There's plenty of ideas for good action combat heals out there, if Intrepid is willing to take the risk on them.
I can't remember where I heard about this, but it's also possible to have a combat system allowing for multiple targets to be selected simultaneously. Like you could keep a healing target and enemy target at the same time, so you don't have to switch all the time to weave heals and damage.
Having a wide variety of heal options/styles is a good thing. The one thing I wouldn't really advocate for is a single target sniper/skill-shot like heal as it would have to be really strong to work and there is just too much that can go wrong with it due to bad DPS/tank movement. Maybe if it heals all targets in its path and its not too OP it would be okay, but if its just the first target there are gonna be a lot of dead tanks cause the melee DPS got in the way.

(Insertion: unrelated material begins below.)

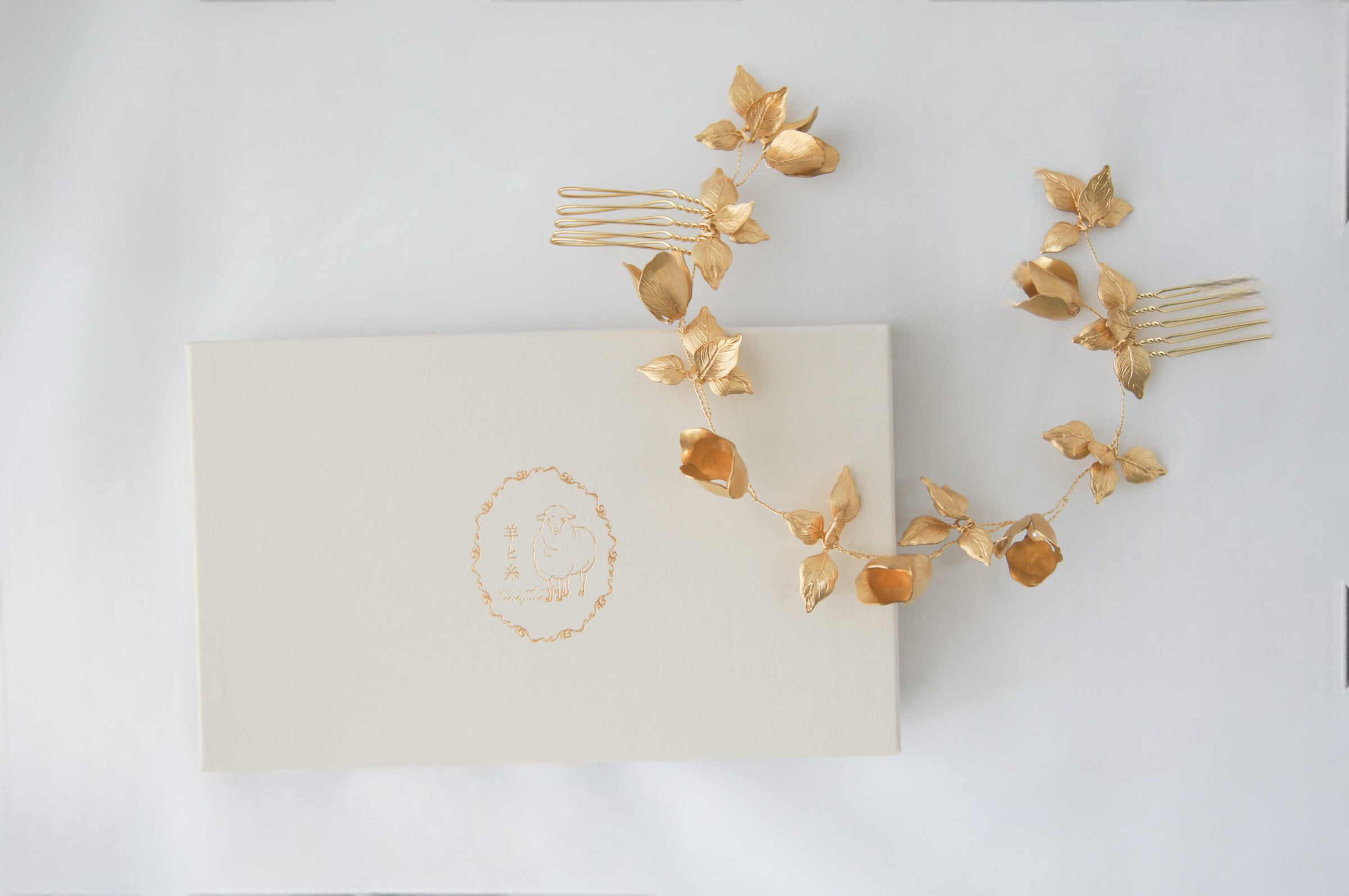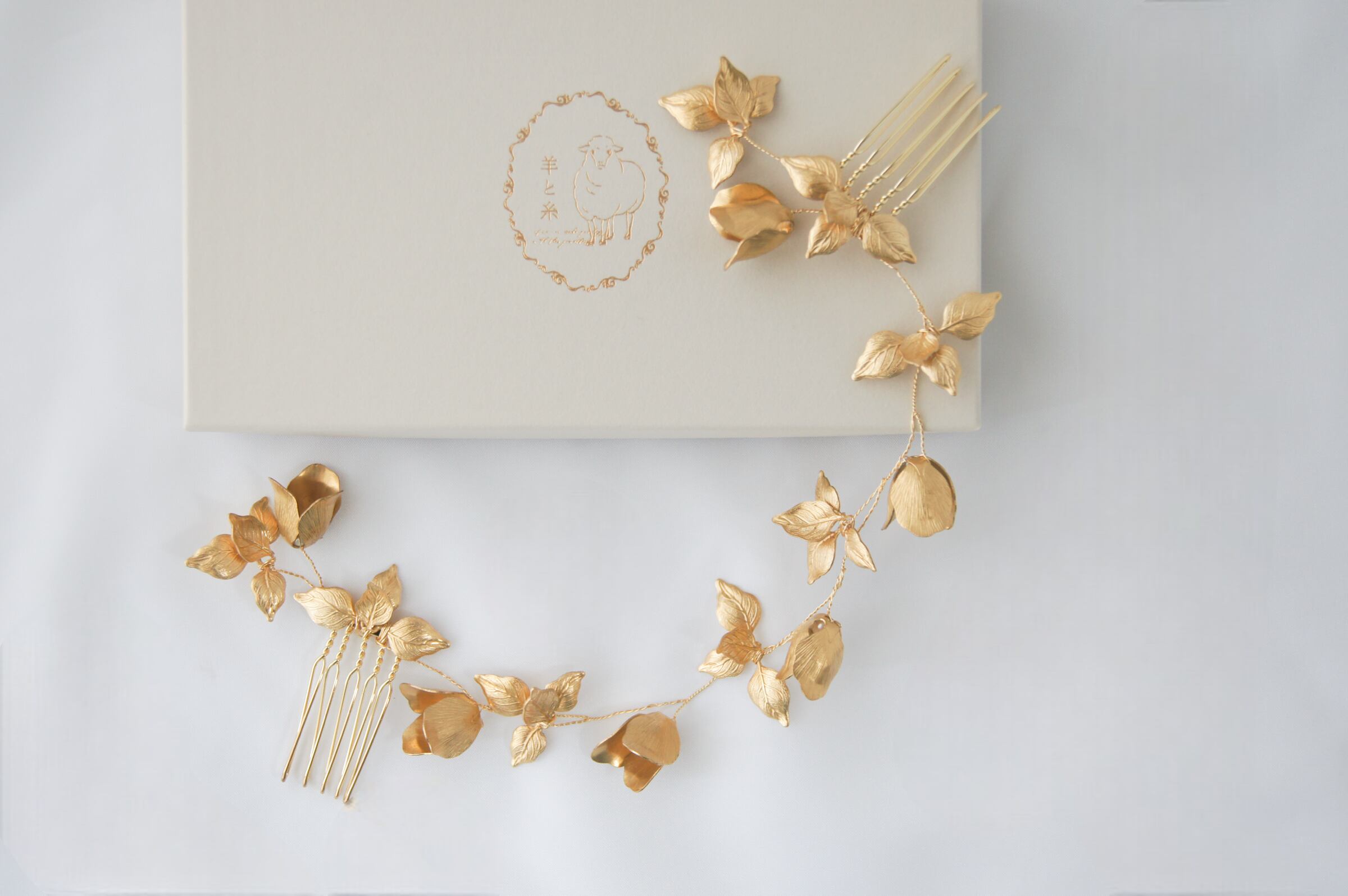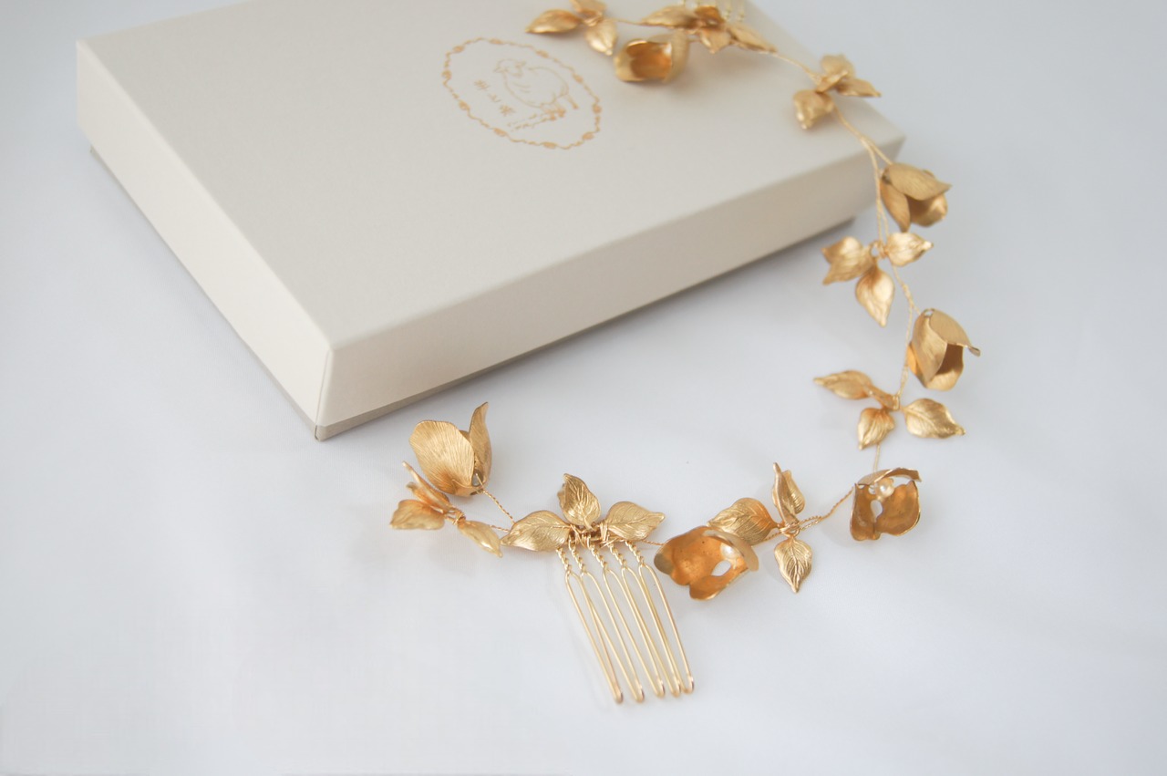蕾(つぼみ)と葉が凛として可愛いヘッドドレス。

I'm also not too much of a fan of orb healing. Its an okay idea so I'm not totally against it, but in my experience the DPS are too lazy/unaware to move to grab the orb so it often goes unused or used at the wrong time.
Revenant healing in GW2 took a big hit a while back, and is not so great now. GW2 mass pvp is all about standing within 6' of other teamates and spamming buffs and damage. That is a bit of an exaggeration, but not by much. I would prefer a system that doesn't require buffs to be constantly reapplied. That would be my main complaint with GW2 combat. Otherwise the combat is a lot of fun.
WoW has some decent healing models, I enjoyed the variety when switching from Druid to my Priest.
I personally hope there is a combination of healing skills available in AoC, single tab targeted, AOE circles, HoTs, healing marks, and directional heals. Give some choice to how we play, and ability to modify things for different situations. Instead of just being the water fountain people have to bring on dungeon runs.